Attribute to The Libertarian Enterprise

In 1900 the British government trusted the people with firearms and to be their own guardians. Prime Minister Robert Gascoyne-Cecil, the Marquess of Salisbury said he would "laud the day when there was a rifle in every cottage in England". However in 1903 Britain passed its first ever "gun control" law, a minor one requiring a permit to carry a handgun and restricting the age of purchasers. It was the first toe over a slippery slope towards complete firearms prohibition.

In 1919 the British government, in fear of communist insurgents and domestic and foreign anarchists, passed its first sweeping anti-gun laws (under the smokescreen of crime control) even though gun related crime was almost non existent in the England of the day. British subjects could now only buy a firearm if they could show "a good reason" for having one and the firearm certificate system that we have today (implemented and abused by police) was introduced. The 1920 gun control act was the beginning of the end for private firearms ownership in England. So much for Robert Gascoyne-Cecil's remarks of "a rifle in every cottage in England" being a laudable goal.

In 1936 short barrelled shotguns (such as shot pistols used for ratting) and fully automatic firearms were outlawed. Why? Not because such firearms were ever misused but because the government dictated that civilians had "no legitimate reason" for owning them. Where have we heard that before! Another slide down the slippery slope. The reasoning has now changed from the government NEEDING TO SHOW REASONS FOR THE RESTRICTIONS to the people NEEDING TO SHOW REASONS TO EXERCISE THEIR RIGHTS, to a government TELLING them that there was NO ACCEPTABLE REASON.

The English Bill of Rights states "That the subjects which are Protestants may have arms for their defence, suitable to their condition and as allowed by law" Sir William Blackstone, commenting on this in his Commentaries on the laws of England said, "The fifth and last auxiliary RIGHT of the subject, that I shall at present mention, is that of having arms for their defence, suitable to their condition, and as allowed by law, which is also declared by the same statute IW & M ft.2c.2 and is indeed a public allowance, under due restrictions, of the natural right of resistance and self preservation, when the sanctions of society and laws are found insufficient to restrain the violence of oppression". I wonder what happened to "the natural RIGHT of resistance and self preservation" (from domestic criminals and out of control governments). Have not the "sanctions of society and laws" been shown "insufficient to restrain the violence of oppression"?

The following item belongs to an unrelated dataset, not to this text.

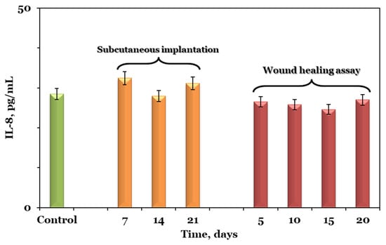 The serum inflammatory cytokine levels in both studies, namely the subcutaneous implantation and wound healing assay, at different time points, are shown in Figure 10. Cytokines are low-molecular-weight glycoproteins with an important role in many biological events, such as cellular growth, inflammation, immunity, and tissue repair. As a research hot spot, IL-8 plays a role in the immigration of neutrophils to the area of inflammation, frequently evaluated for the early detection of inflammatory lesions in the areas that are in contact with scaffold components [39].

In 1936 the government added a "safe storage" requirement on the owners of handguns and rifles to "prevent the guns falling into the wrong hands" Where have we heard that one before, and how often do the British police use that particular requirement to harass what is left of the British gun owning community?

As a direct consequence of the 1920 gun control act, not only did Britain not have "a rifle in every cottage" but they had to ask American citizens to send them every type of rifle and handgun at the outbreak of WWII, so British people would have some means of defending their homes and islands against the Nazi hordes massing across the English Channel. Americans responded by sending every type of firearm to the unarmed and helpless people of Britain. No surprise, but at the end of the war the British people did not get to keep the guns, the government seized many of them back and dumped them in the sea. Such was the British government's gratitude to the American public and distrust of their own people.

In 1946 "self defence" was no longer considered a good reason for requiring a police issued firearms certificate. The slippery slope got even steeper.

In 1953 carrying any type of weapon for self defence was made illegal, making the streets even safer for the criminal element and giving great "crime control" soundbites to the police and press.

In 1967 a chap by the name of Harry Roberts blasted three policemen to death in a London street using a 9mm Luger pistol and the British government restricted shotguns for the very first time. Try to figure out the logic... handgun used... shotguns licensed for the first time in British history. Opportunistic, or am I just being a cynical bastard?

In 1982 black powder muzzle loader shooters and handloaders were required to allow police inspection of their security arrangements to ensure "safe storage" of the powder they possessed, meaning that agents of the state could demand entry into an Englishman's home at any time of day or night without a warrant.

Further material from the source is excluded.